Collected data
......

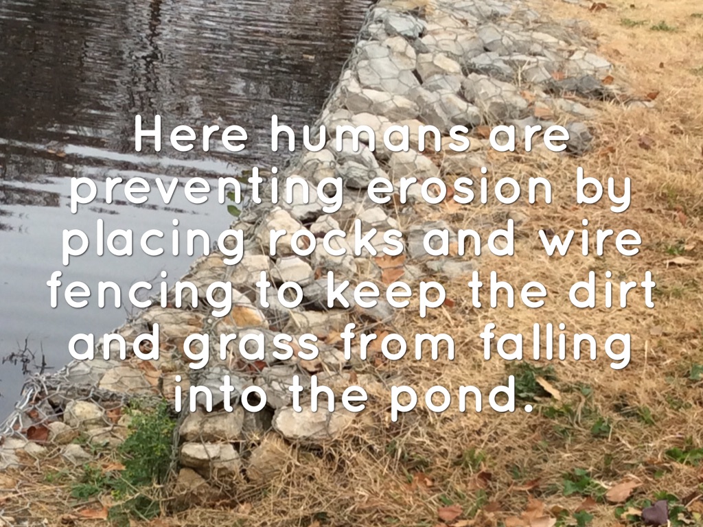 Here humans are preventing erosion by placing rocks and wire fencing to keep the dirt and grass from falling into the pond.
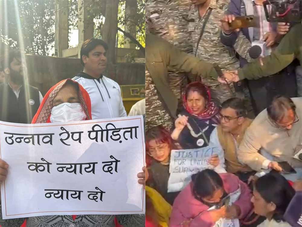दिल्ली पुलिस ने प्रदर्शन उग्र होते देख पीड़िता की मां को प्रदर्शन स्थल से इधर उधर भी भेजा गया। इस दौरान कुछ लोग हाथों में तख्तियां लिए कुलदीप सेंगर के समर्थन में पहुंचे हैं। भीड़ से एक शख्स को भाजपा जिंदाबाद के नारे लगाते भी देखा गया है। प्रदर्शन स्थल पर पुलिस और मीडिया का जमावड़ा भी देखा जा रहा है।
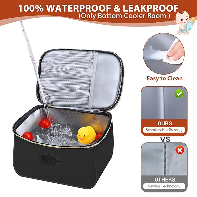 - WATERPROOF & LEAKPROOF Bag: Our food-grade EVA insulated liner adopts hot-pressing technology for 100% waterproof and leak-proof, and 5mm thickened foam keeps cold for up to 6-8 hours(with 2 Ice Packs). It's easy to clean the water or milk stains and just need a towel or damp paper towel.
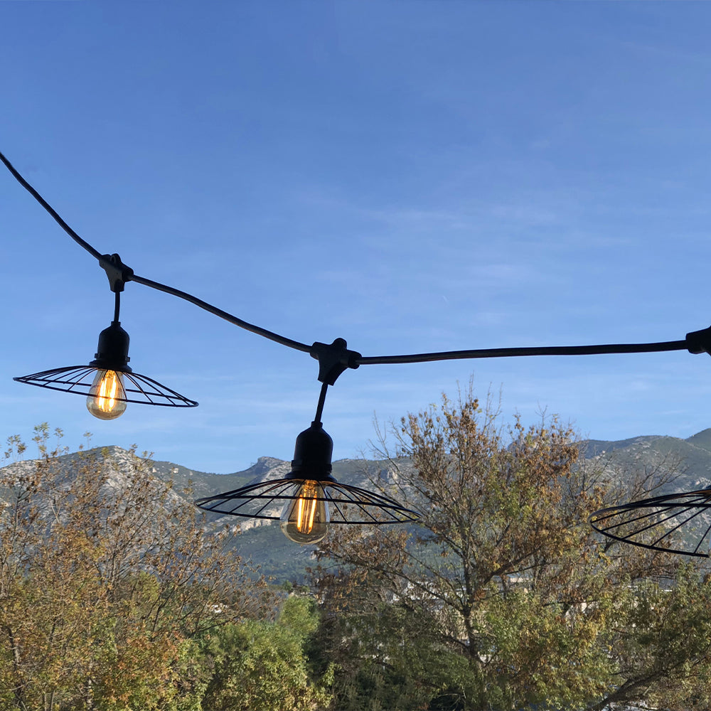 Guirlande extérieur avec abat-jour en acier effet cage 10 douilles E27 CHIC CAGE 6m
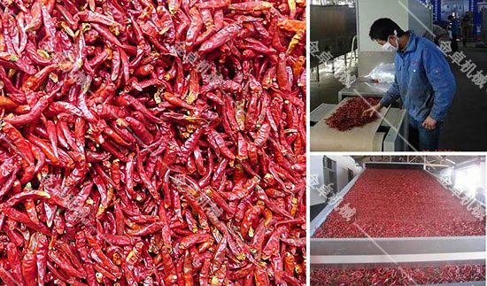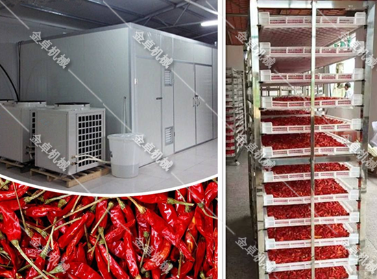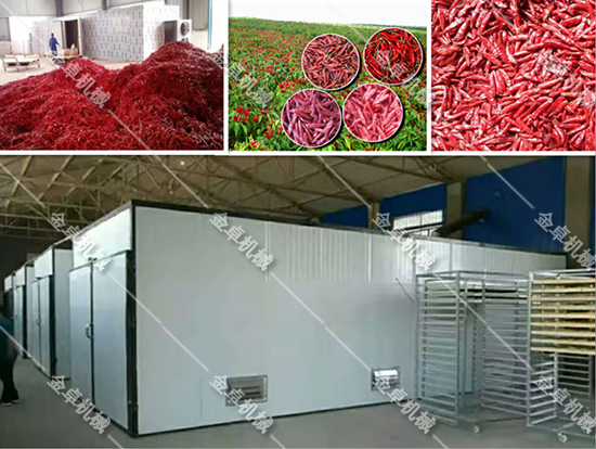 為了辣椒的運(yùn)輸存儲(chǔ)更方便,都需要在加工辣椒的過程中控制其水分含量。對(duì)辣椒進(jìn)行烘干是必要的工序。目前用于辣椒烘干主要設(shè)備是辣椒烘干機(jī)和辣椒烘干房(辣椒烘干箱),金卓機(jī)械在辣椒烘干工藝擁有辣椒現(xiàn)場(chǎng)干燥經(jīng)驗(yàn),保證用戶辣椒干燥的快速。
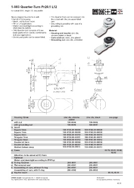 • On request parts can be assembled. • Cams and nut: steel, zinc plated
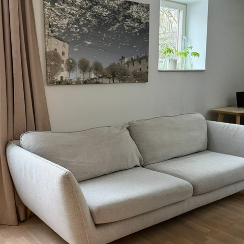 Säljer vår 3-sits soffa från Mio av modellen Madison Lux. Beige färg. Överlag bra skick men lite nopprig på vissa ställen. Tyget på dynerna är tvättbara.
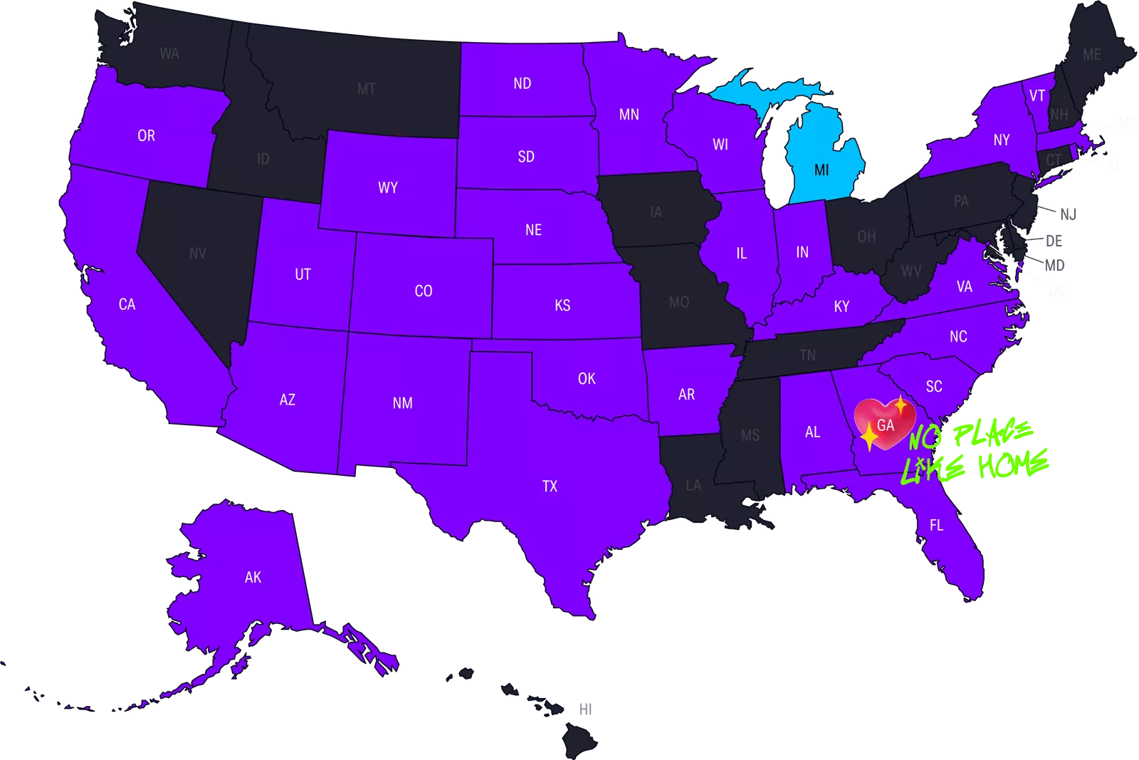 夏威夷 愛達荷州 蒙大拿 內華達州 華盛頓 馬里蘭州 俄亥俄州 西弗吉尼亞州 |
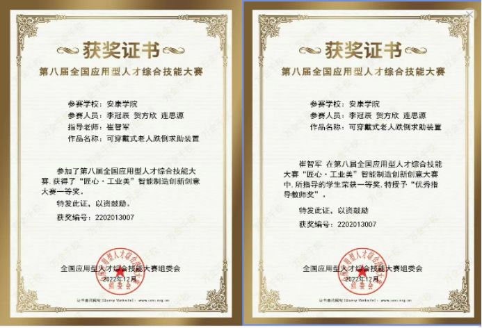 本届大赛设置“匠心•民族魂”平面设计大赛、“匠心•工业美”智能制造创新创意大赛、“匠心•职场秀”简历精英挑战大赛、“匠心•青春梦”大学生职场装创意设计大赛、及教师组的“匠心•园丁情”教师创课大赛、“匠心•园丁情”辅导员职业能力大赛共6个参赛科目,共有来自全国896所院校、12578支队伍报名参赛。竞赛采用参赛队线上答辩、专家线上混合评审的方式进行,参加评审的评委均为来自行业著名企业和高校相关领域的专家。参赛项目历经答辩、实物演示以及专家质询三个环节,我院两组参赛团队最终荣获“匠心•工业美”智能制造创新创意大赛一等奖和二等奖,指导老师崔智军和王泓淇分别被授予“优秀指导教师奖”。
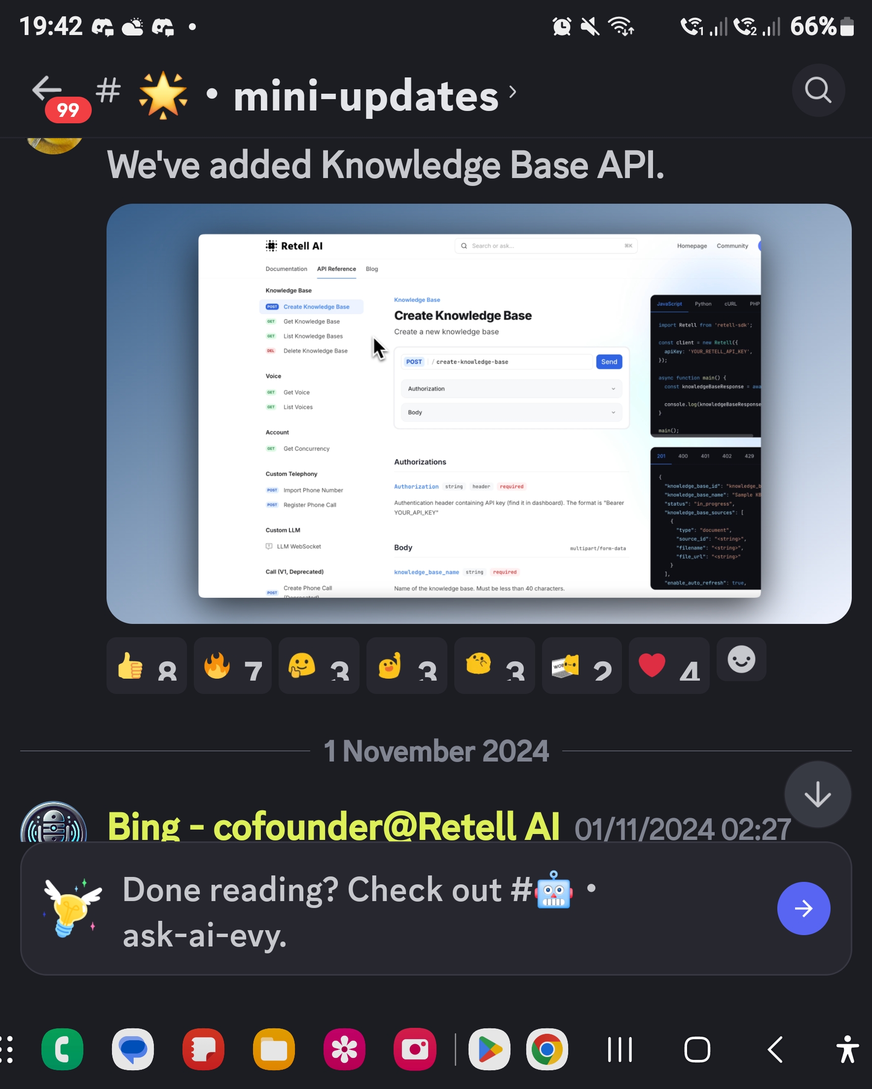 Retell api is now live, woukd be ideal so we can allow client uploads to retell knowledgebase, much appreciated.
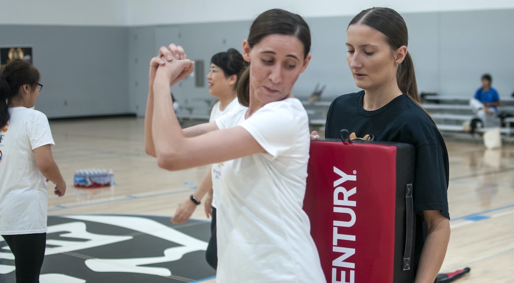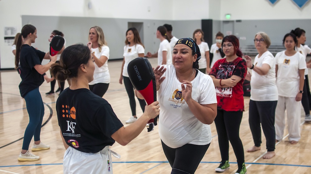 参加者のほとんどは、過去に格闘技の経験がなく、護身術セミナーに参加するのが初めてでした。参加者の何人かは、子供、夫、友人を連れてセミナーを見に行きました。すべての参加者は、この新しいジェンダーに基づく暴力防止プログラムについて熱心に学び、米国で世界最高の女性空手インストラクターによる90分間のトレーニングを受けました。
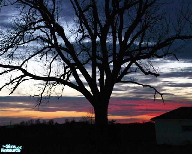 Sunset through a leafless tree. This is a re-color.
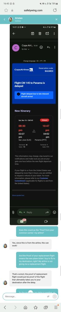 今年十一月我正從中美洲哥斯大黎加準備飛往巴拿馬的路上,班機接連四次延誤,最後取消,差點需要睡機場!好險當初我已投保SafetyWing的全球數位遊牧保險Nomad Insurance Essential,讓我在等候新班機資訊時已有備案所以不慌張,當晚臨時訂的昂貴的旅館也得到SafetyWing的理賠。
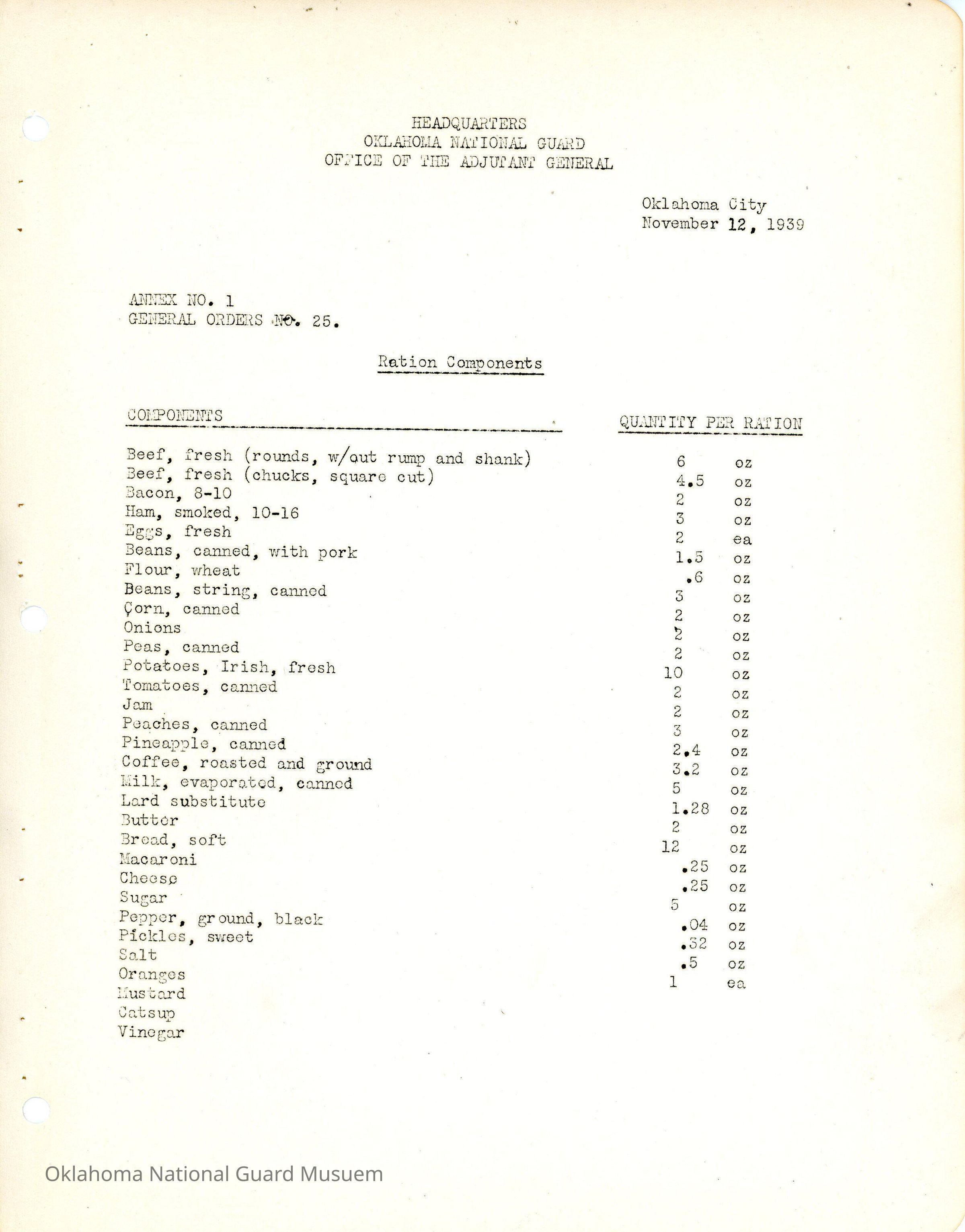 General Order #25 Annex 1 from Headquarters Adjutant General's Office in Oklahoma City. The order details the rations and quantity for the field trainingDate(s) of Creation
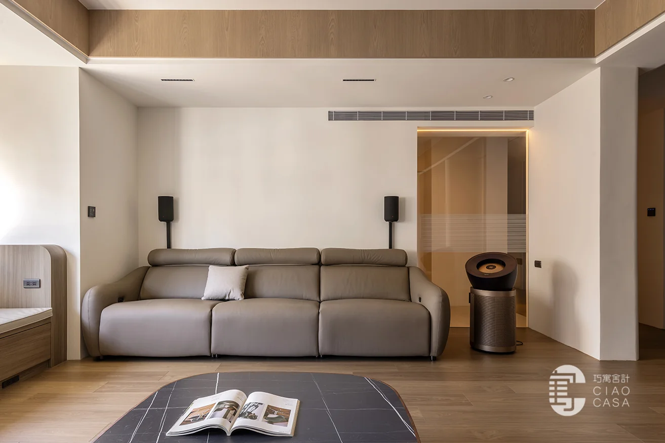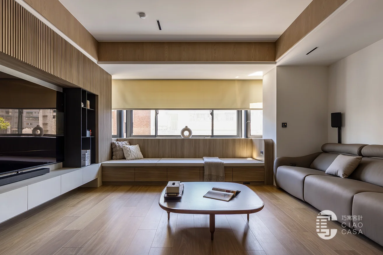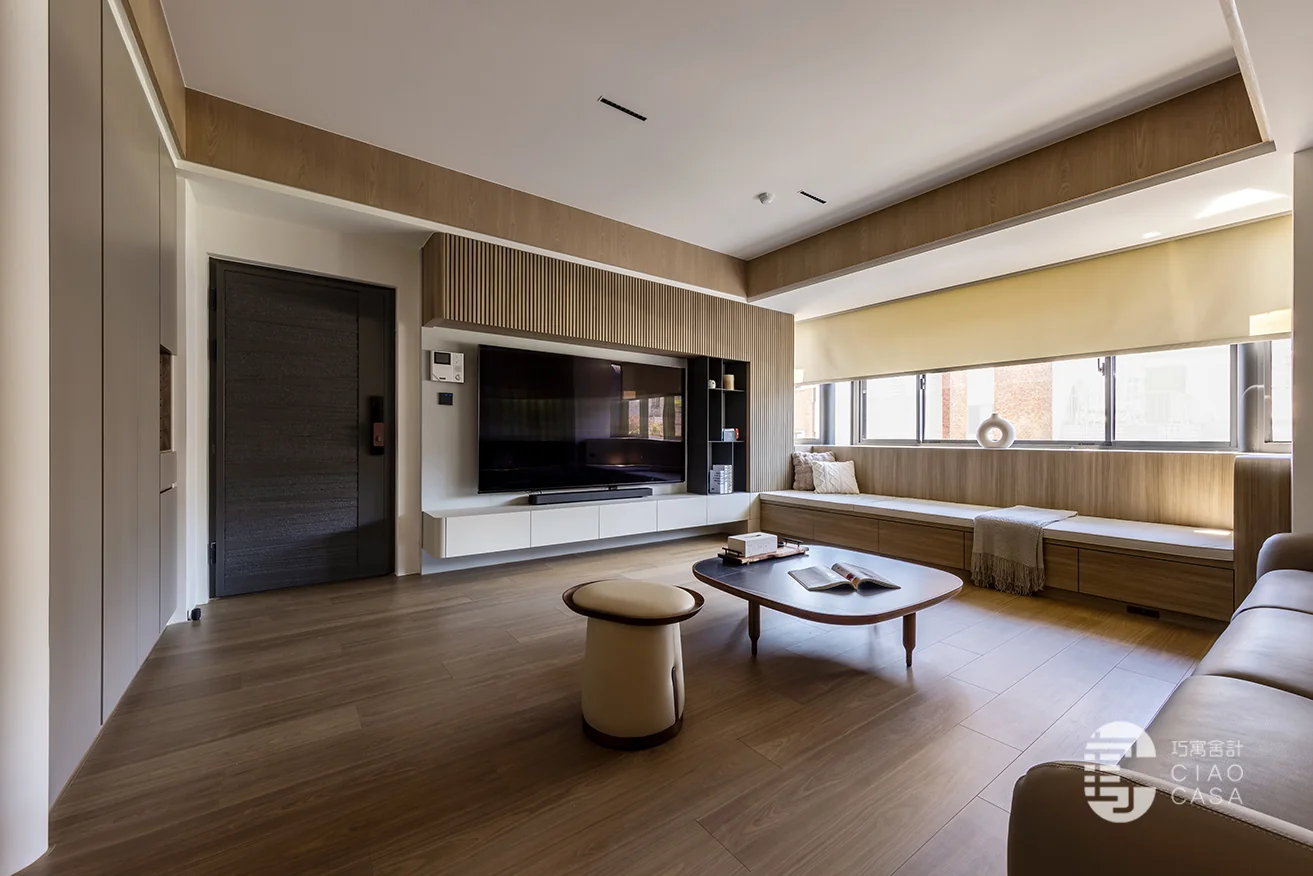 空間剝離繁冗裝飾,只留下光與材質的真實交會。天花顯著的橫梁結構,以柔潤木皮環繞包覆,佐以流光溢動,描繪出溫煦樸潤的空間氣息,與居者內心產生共鳴。閒坐於此,望向窗外,無論雨潤如絲,抑或晨光熹微,皆能於紛繁之中澄澈本心,讓思緒歸於純粹,生活回歸本真。
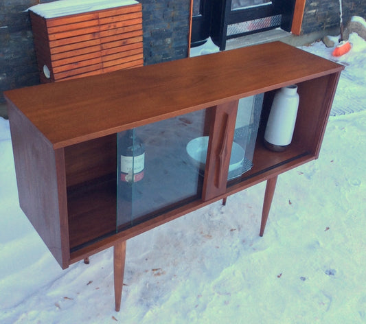 Mid Century Modern Teak Display Buffet China Console Restored 4 ft
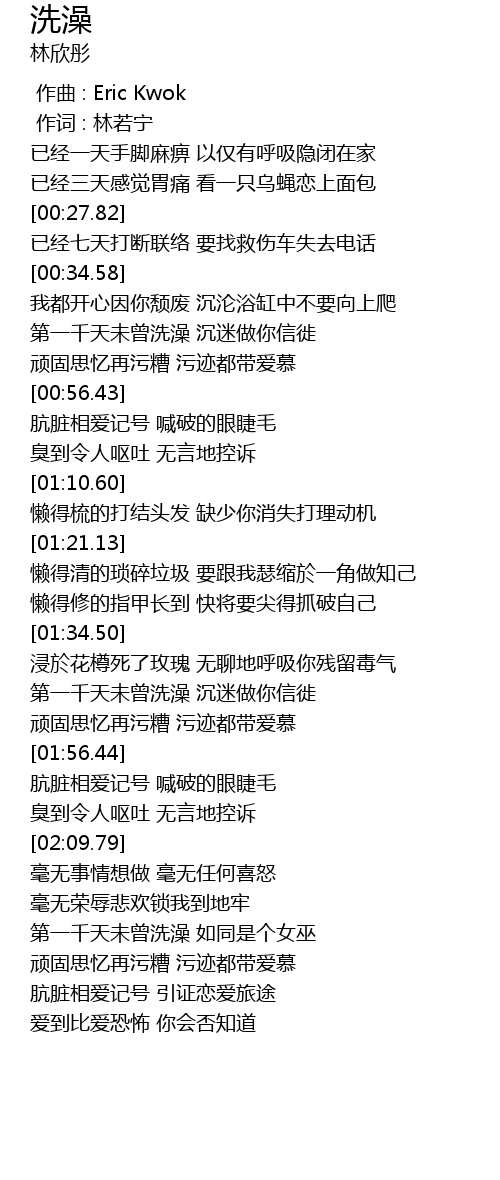 | [00:42.79] | 第一千天未曾洗澡 沉迷做你信徙 |

......

* Work required
Your response must consist of the lines from the beginning of the data through the line containing "दिल्ली पुलिस ने", transcribed exactly, with no pictures.

* Answer to the exercise
 Here humans are preventing erosion by placing rocks and wire fencing to keep the dirt and grass from falling into the pond.
दिल्ली पुलिस ने प्रदर्शन उग्र होते देख पीड़िता की मां को प्रदर्शन स्थल से इधर उधर भी भेजा गया। इस दौरान कुछ लोग हाथों में तख्तियां लिए कुलदीप सेंगर के समर्थन में पहुंचे हैं। भीड़ से एक शख्स को भाजपा जिंदाबाद के नारे लगाते भी देखा गया है। प्रदर्शन स्थल पर पुलिस और मीडिया का जमावड़ा भी देखा जा रहा है।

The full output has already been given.